What to do: Aside from the pictures, the entries should be given again exactly.

Data supplied:
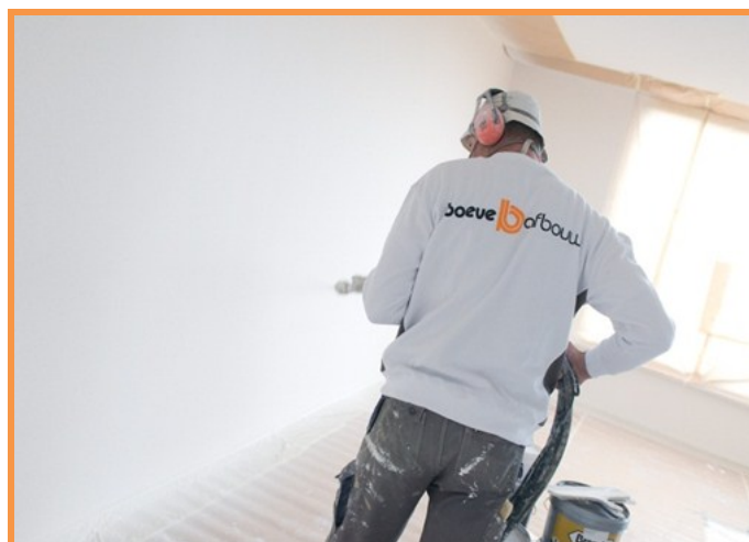
- Vakman Boeve Afbouw

Crystal spuitwerk levert bijzondere prestaties. Een pleister geschikt voor repareren, egaliseren en afwerken die voldoet aan alle wensen van de verwerker en opdrachtgever. Ook onder kritische omstandigheden. De pleister heeft een hoge hardheid en de witheid is uitzonderlijk. Daarnaast worden ook de perfecte vulling en de hoge dekking zeer gewaardeerd. Met de juiste structuur en uitstraling onderscheidt Crystal spuitwerk zich al tientallen jaren in de Nederlandse bouwmarkt.
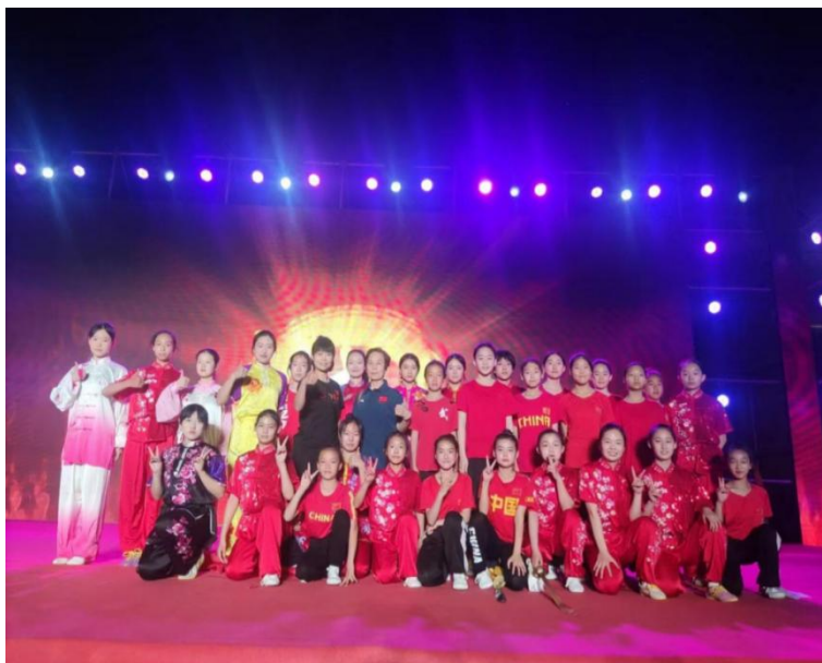
图 4-6:学校武术队在南川老街进行专场表演
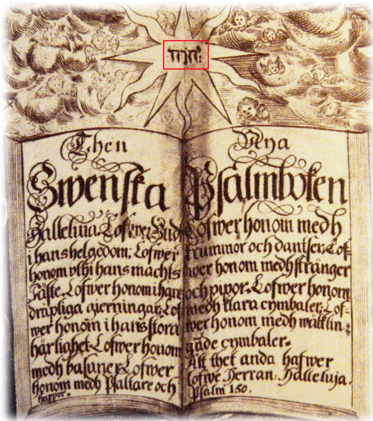
I ett psalmtryck från 1701 finns gudsnamnet JHWH med hebreiska bokstäver (Uppsala domkyrkas arkiv)
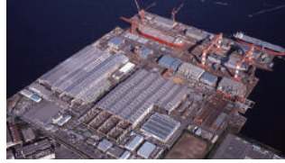
住友重機械工業株式会社 横須賀製造所
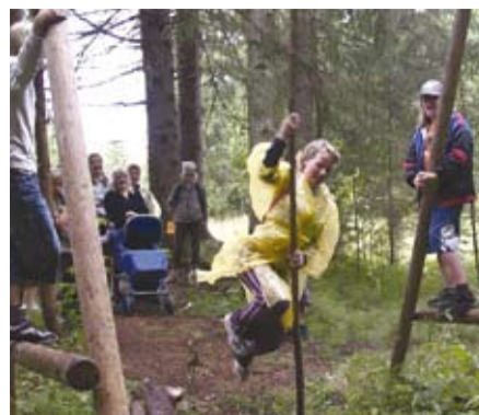
Pāri grāvim sausām kājām!!!
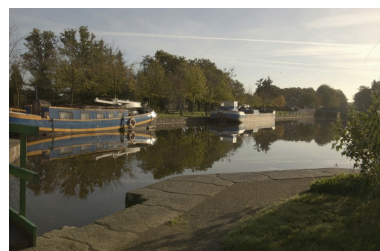
Le canal IVR53_20053503043NUCA
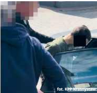
Areszt i surowa kara

Śledztwo wykazało, że duet ten działał na szeroką skalę. Policjanci powiązali ich z podobnymi oszustwami w Zamościu, Świdniku oraz Lubartowie. Łącznie czterech seniorów straciło przez nich ponad 180 tysięcy złotych. Podczas przeszukania samochodu, którym poruszali się mężczyźni, funkcjonariusze znaleźli również środki odurzające.
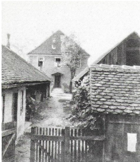
JAKOPIČEVA ROJSTNA HIŠA
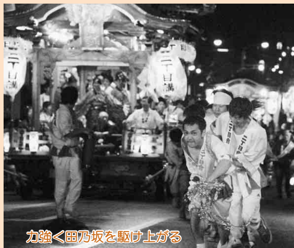
力強く田乃坂を駆け上がる
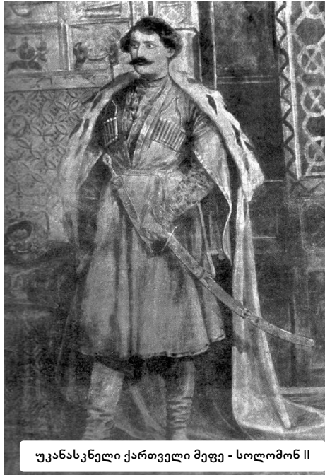
უკანასკნელი ქართველი მეფე - სოლომონ II

ასეთ სიტუაციაში დამლუპველი იყო ქართული სამე- ფო-სამთავროების დაქსაქსულობა და ურთიერთდაპირისპი- რება, რადგან რუსეთი ყოველ მათგანს სათითაოდ უღებდა ბოლოს. საჭირო იყო გა- ერთიანებული ძალებით დახვედროდნენ მოახ- ლოებულ საფრთხეს. სო- ლომონ II ცდილობდა რუსეთთან ურთიერთო- ბაში მთელი დასავლეთ საქართველოს სახელით გამოსულიყო... ქართუ- ლი სამთავროები შემო- ემტკიცებინა, სამეფო გაეძლირებინა, საზღვ- რები განემტკიცებინა. გურიის მთავარი კი აღი- არებდა მის უზენაესო- ბას, მაგრამ სამეგრელოს მთავარი დიდ წინააღ- მდეგობას უწევდა.
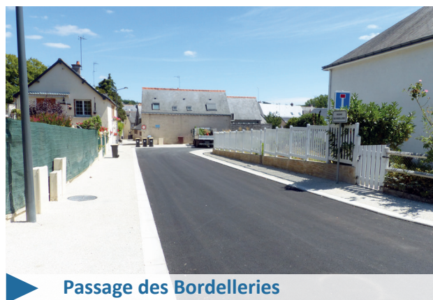
Passage des Bordelleries

Exercise response:
- Vakman Boeve Afbouw

Crystal spuitwerk levert bijzondere prestaties. Een pleister geschikt voor repareren, egaliseren en afwerken die voldoet aan alle wensen van de verwerker en opdrachtgever. Ook onder kritische omstandigheden. De pleister heeft een hoge hardheid en de witheid is uitzonderlijk. Daarnaast worden ook de perfecte vulling en de hoge dekking zeer gewaardeerd. Met de juiste structuur en uitstraling onderscheidt Crystal spuitwerk zich al tientallen jaren in de Nederlandse bouwmarkt.
图 4-6:学校武术队在南川老街进行专场表演
I ett psalmtryck från 1701 finns gudsnamnet JHWH med hebreiska bokstäver (Uppsala domkyrkas arkiv)
住友重機械工業株式会社 横須賀製造所
Pāri grāvim sausām kājām!!!
Le canal IVR53_20053503043NUCA
Areszt i surowa kara

Śledztwo wykazało, że duet ten działał na szeroką skalę. Policjanci powiązali ich z podobnymi oszustwami w Zamościu, Świdniku oraz Lubartowie. Łącznie czterech seniorów straciło przez nich ponad 180 tysięcy złotych. Podczas przeszukania samochodu, którym poruszali się mężczyźni, funkcjonariusze znaleźli również środki odurzające.
JAKOPIČEVA ROJSTNA HIŠA
力強く田乃坂を駆け上がる
უკანასკნელი ქართველი მეფე - სოლომონ II

ასეთ სიტუაციაში დამლუპველი იყო ქართული სამე- ფო-სამთავროების დაქსაქსულობა და ურთიერთდაპირისპი- რება, რადგან რუსეთი ყოველ მათგანს სათითაოდ უღებდა ბოლოს. საჭირო იყო გა- ერთიანებული ძალებით დახვედროდნენ მოახ- ლოებულ საფრთხეს. სო- ლომონ II ცდილობდა რუსეთთან ურთიერთო- ბაში მთელი დასავლეთ საქართველოს სახელით გამოსულიყო... ქართუ- ლი სამთავროები შემო- ემტკიცებინა, სამეფო გაეძლირებინა, საზღვ- რები განემტკიცებინა. გურიის მთავარი კი აღი- არებდა მის უზენაესო- ბას, მაგრამ სამეგრელოს მთავარი დიდ წინააღ- მდეგობას უწევდა.
Passage des Bordelleries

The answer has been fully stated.